廃棄される道を救う試みとしては食品で同じく今年の始めに挙げたフードシァエサービスの「TABETE」などがあるが、他にも余剰食材を購入するクーポンを発行するアプリ「No Food Loss」なども登録店を拡大させており、更には業務用商品などまで含めて扱う「KURADASHI」なども最近は注目を浴びている。

またマーケットに出しても最近は思うような値が付かないのは高級魚類も同じでココもまたEC活用の動きが顕著になってきているが、先行している民間のアクションに農水の更なる強い後押しも望まれるところでオンラインならではの枝葉の広がりが今後も更に顕著になってくるか。


間接効果の恩恵

昨晩はWTIが3月以来の40ドル大台を回復してきたが、先週末の日経紙商品面では原油価格指数に連動するETNの売買が個人マネーの流入で急増、発行体の金融機関が原油先物の持ち高を増加させたことで東商取の原油先物の4月の売買高は前年同月比で4倍以上となるなど取引が急拡大となっている旨が載っていた。

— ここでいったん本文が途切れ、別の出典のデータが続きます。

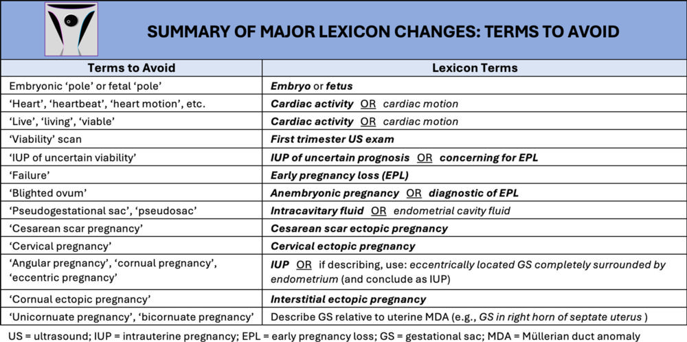 The panel was convened by the Society of Radiologists in Ultrasound (SRU). Other societies participating in the development of the lexicon included the Society of Abdominal Radiology, the American College of Radiology, the American College of Obstetricians and Gynecologists, the American Institute of Ultrasound in Medicine, the Society for Maternal-Fetal Medicine, the American Society of Reproductive Medicine, the Society of Family Planning and the American College of Emergency Physicians.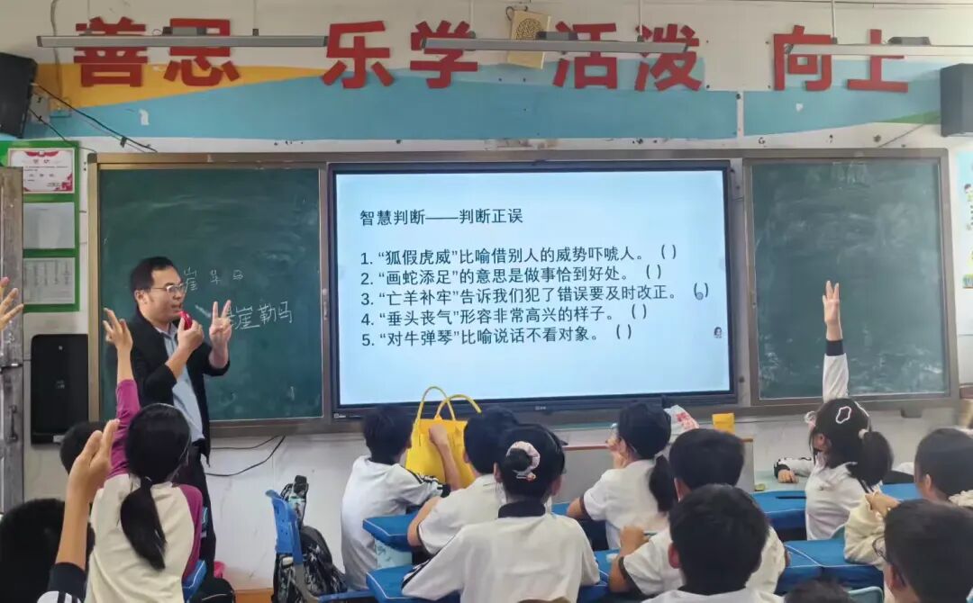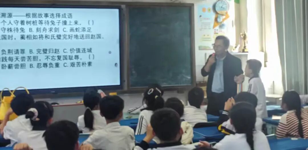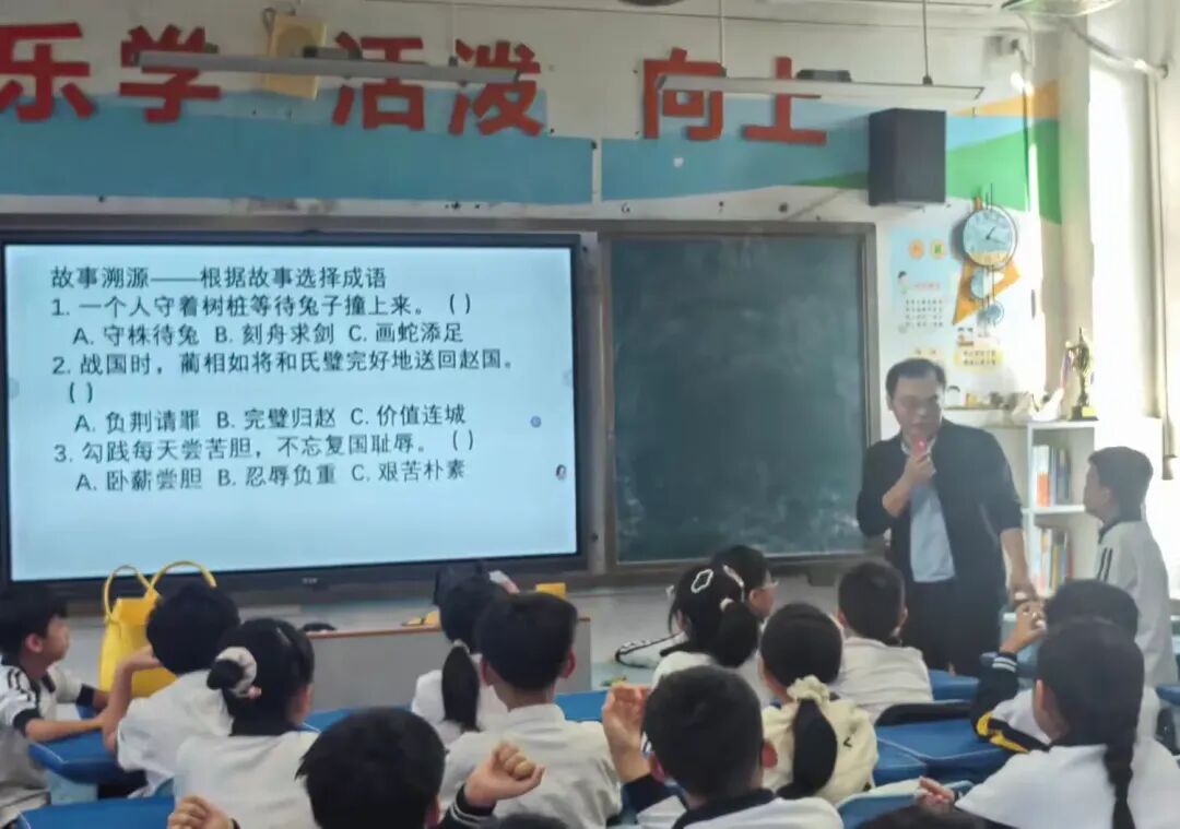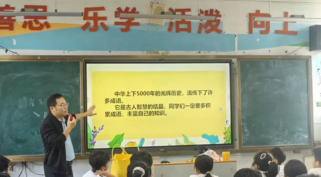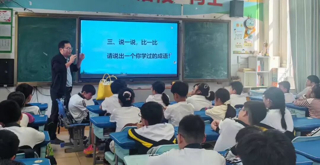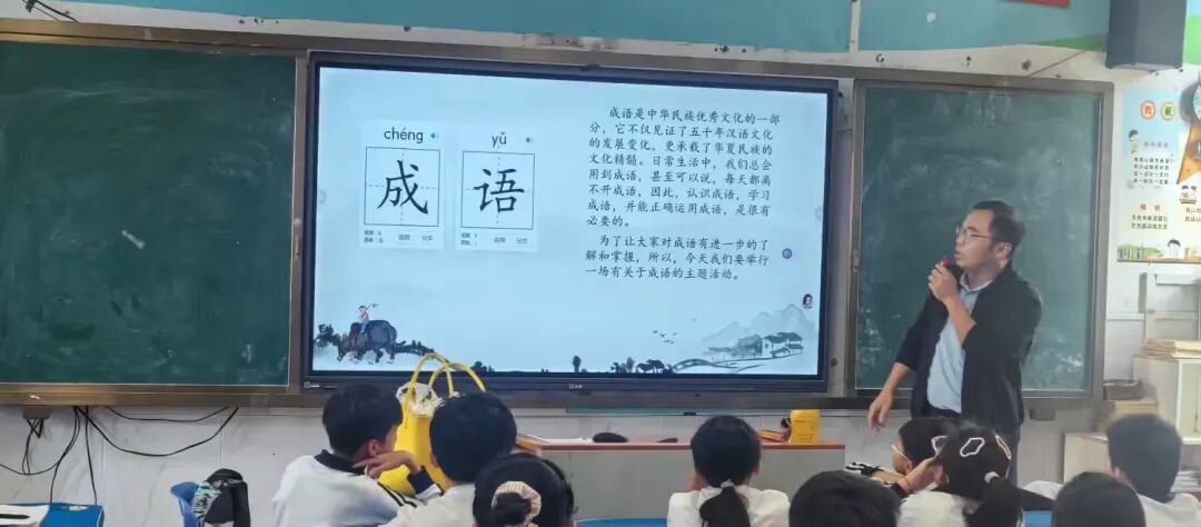 师生互动频繁,课堂气氛轻松热烈。通过问答、小组讨论等形式,学生们积极参与,充分展现了对成语学习的热情,整个教室充满了浓厚的学习氛围。

このETNといえば文中に挙げられていた「日経・TOCOM原油ダブル・ブルETN」が代表銘柄であるが、これまでも原油が数年ぶり安値に沈む度にこのETNが商いを集めて注目されており、その建玉は先週段階で1年前の約4倍に増加し売買代金もまた4月には上場以来の最高を記録している。

原資産の存在も緩和マネーの影響で投資に流入する厚み自体が増し各々数カ月ぶりの高値となっており、他にも先に当欄で取り上げていた野村のインデックスETFなどはWTI暴落に乗じて個人が群がった当時の二桁から三桁へと値段が跳ね上がっている。これらETNやETFなどその設計上から東商取への間接効果は上記の通り無視出来ないものがあるが、今後どの程度商いを集められるのか注目というところか。